If of all the advice that we can give you, you could take one and frame it to see it every day, it would be this, several studies have shown over the years that the best investor is not the one who tries to establish the perfect time to enter in the stock market and make your investment but rather the one that invests continuously, even if it is a little each month regardless of whether the market is rising or falling, so one of the best practices is to automate these contributions and that happen like a train without them having to ask you.

Credits: Magisto

On the other hand, you don’t have to be a financial genius to know that, if you manage to lower your costs, your performance will be much better, but the world of investment advisers has something totally different from other industries and that is that While you when you enter a store you ask how much it costs what you are going to buy, in our world people ask how much I earn, but not how much it costs. Please always ask how much it costs! And remember that investments do not mean that if it is cheaper it means that it is bad, rather it is the other way around: lower your cost to optimize your performance.

5.- Each investment must have a financial goal.


The best way to understand this advice is by recognizing that money is a tool that serves to achieve those goals that you have set for yourself, so when investing you should always think about the financial goal or dream you want to achieve with that investment.

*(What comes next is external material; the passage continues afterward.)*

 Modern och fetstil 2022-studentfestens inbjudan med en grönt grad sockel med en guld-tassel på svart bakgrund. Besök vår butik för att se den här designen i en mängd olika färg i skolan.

Let’s look at the following example, nobody wants to be a burden on their family in their retirement years, much less now that we see that modern retirement is the period where many people begin to live those goals they always wanted and if you don’t believe me ask Jeff Bezos, the founder of Amazon, who when he retired the first thing he did was launch himself in a rocket to the stratosphere.

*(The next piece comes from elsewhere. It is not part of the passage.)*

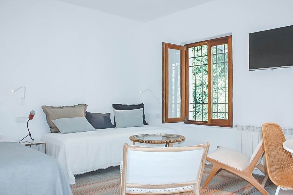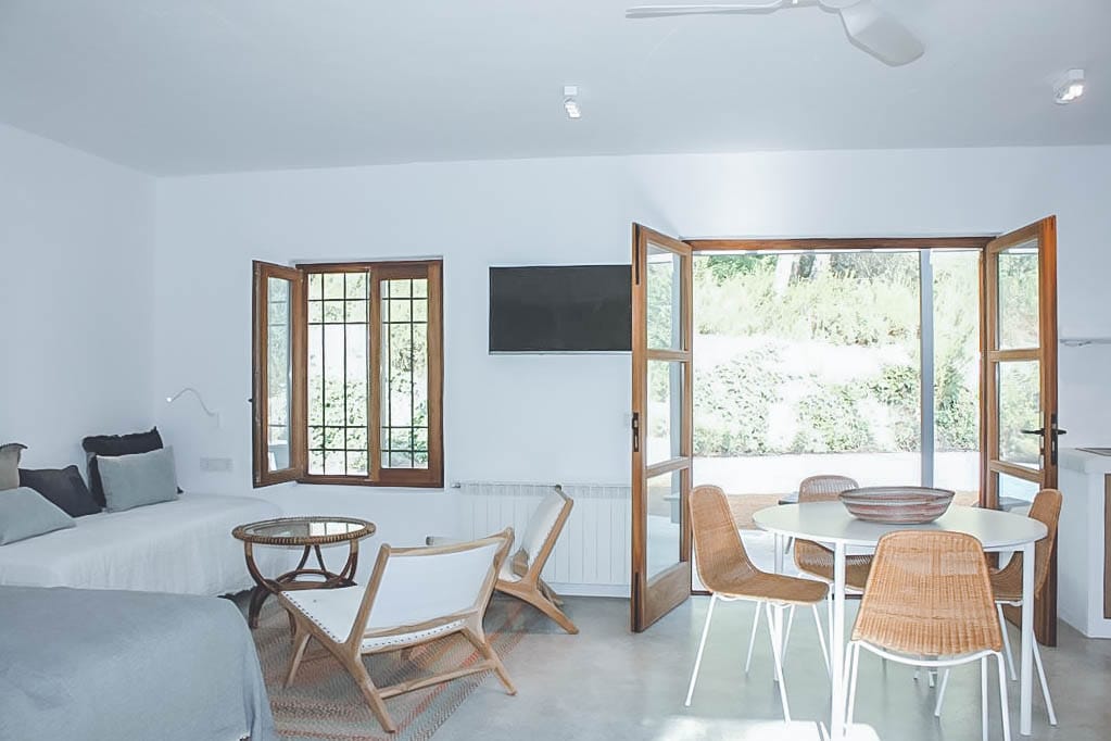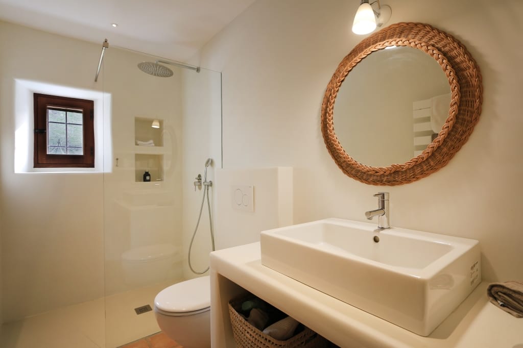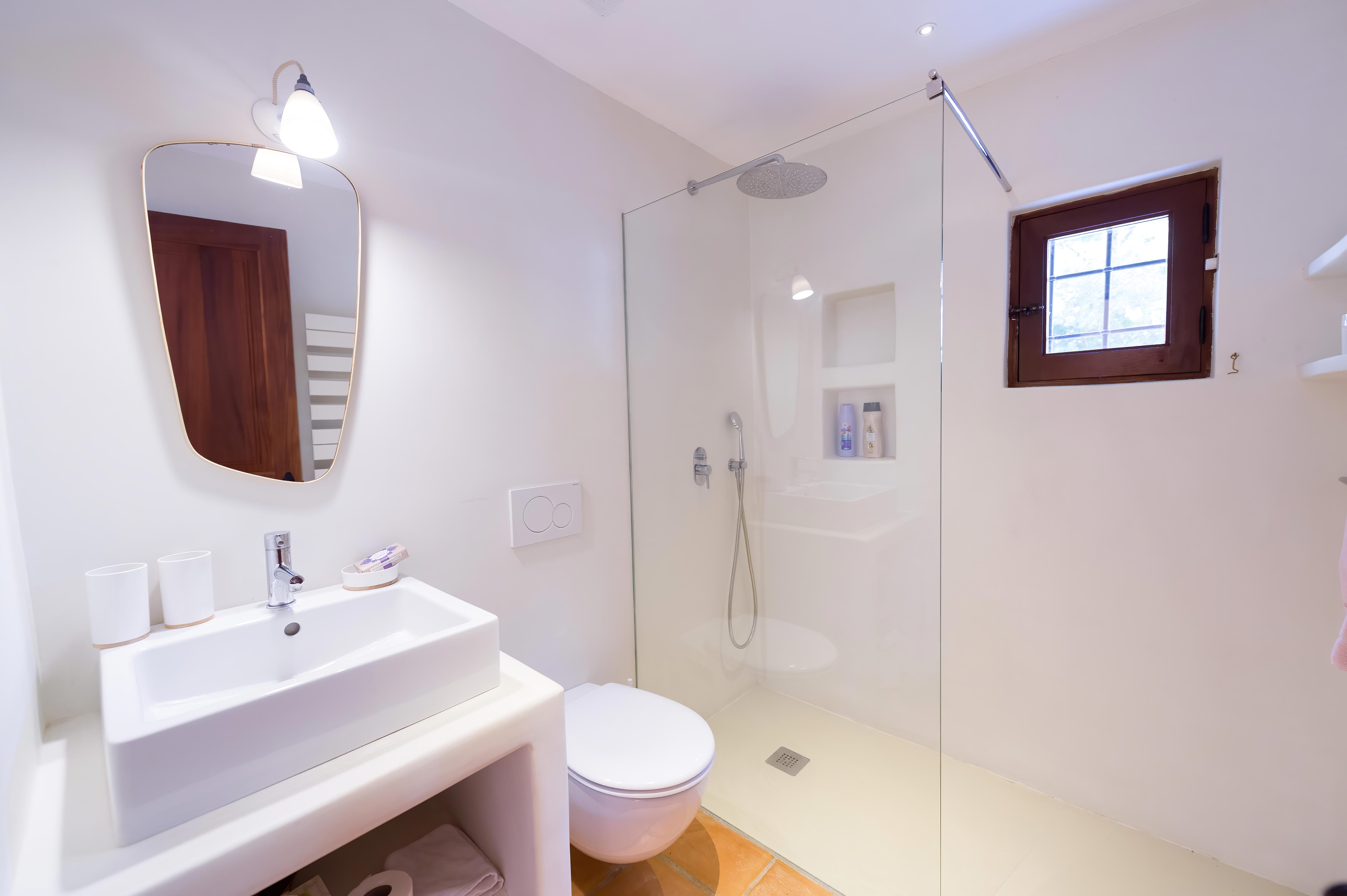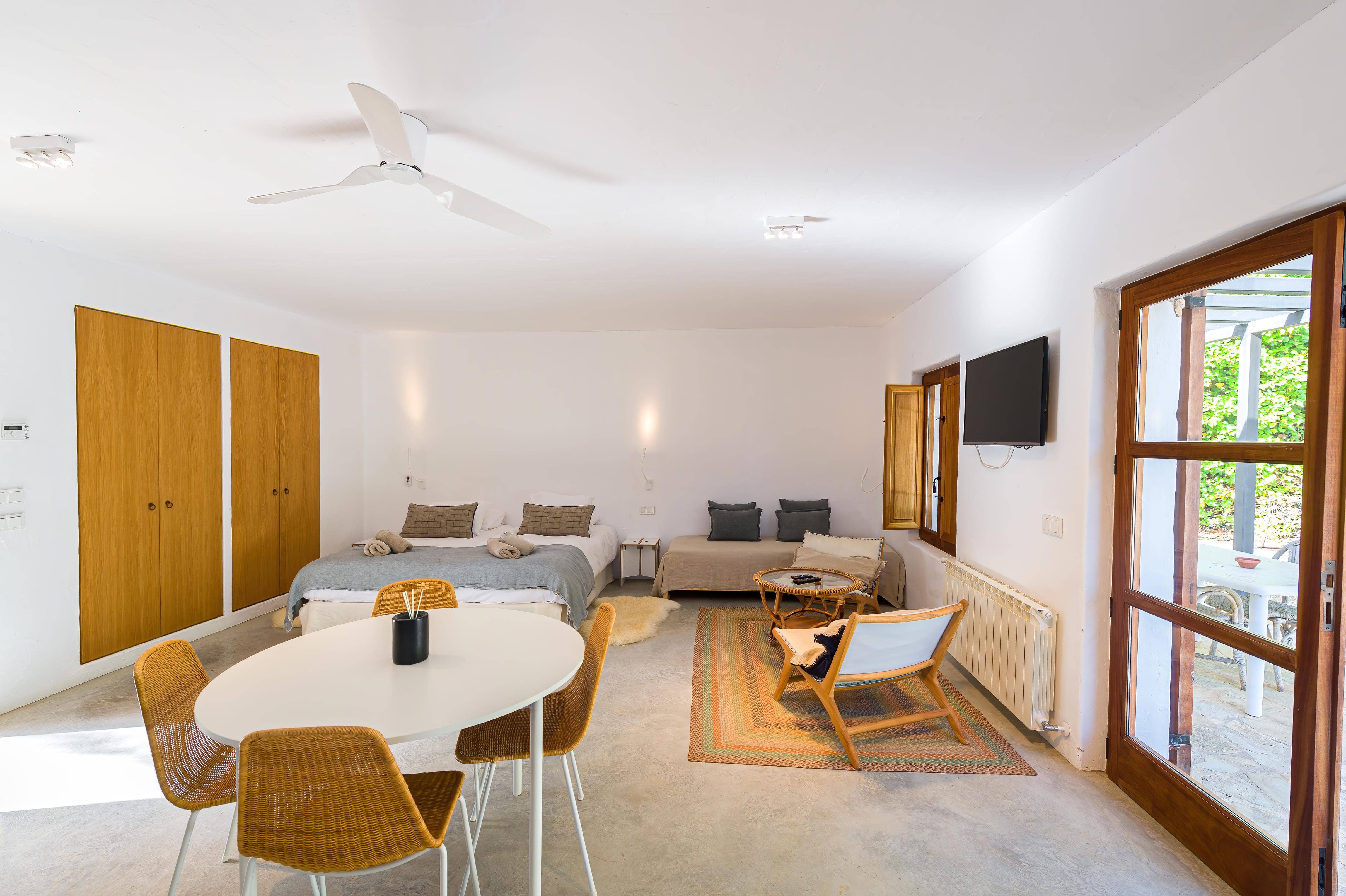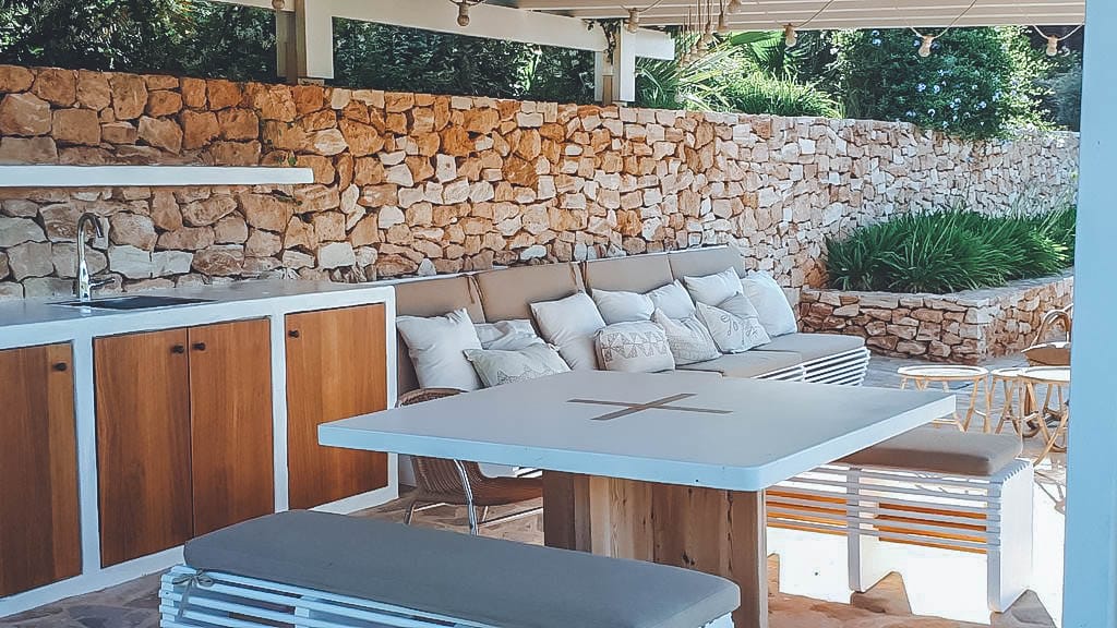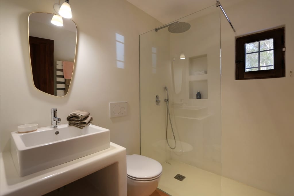 This beautiful modern rustic finca, built in 2018, offers a perfect blend of contemporary comfort and timeless Ibizan charm. Set on one hectare of private land in Ibiza’s serene northern countryside, it enjoys sweeping sea views and is close to Santa Eulalia, San Carlos, and the beautiful beaches of Cala Nova, Aguas Blancas, and Cala Leña.

So, if that money is there, it is to serve as a protection element for when you retire, let’s think about a goal like that of retirement or retirement, this allows you not to lose sleep if the markets go down along the way and you know You do not need that money for now but for the moment you retire and rather it will continue to be invested for many more years because when you retire you are not going to use it all at once, but you will gradually withdraw part of it.

One of the most efficient ways to achieve this point is to rely on a financial planner to help you visualize those goals you want to achieve and also has the necessary tools to perform different simulations that allow you to take actions today to achieve those dreams in tomorrow.

Alonso Rodríguez Segarra
Alonso Rodríguez Segarra
Founder & CEO Advise Financial advise-financial.com Alonso Rodriguez Segarra is a “CERTIFIED FINANCIAL PLANNER™” named by Investopedia among the Top 100 Financial Advisors in the USA  with more than 20 years of experience. His specialty is helping those people who want to plan for their retirement or optimize their retirement, with Hourly Financial Planning always looking for the best for his clients, under fiduciary criteria.

18 Comments

  1. Thanks for the help great advice 🙂

    • Alonso Rodríguez Segarra says:

      Thank you for your comment, we are here to serve you. We are Financial Wellness for Latino Families.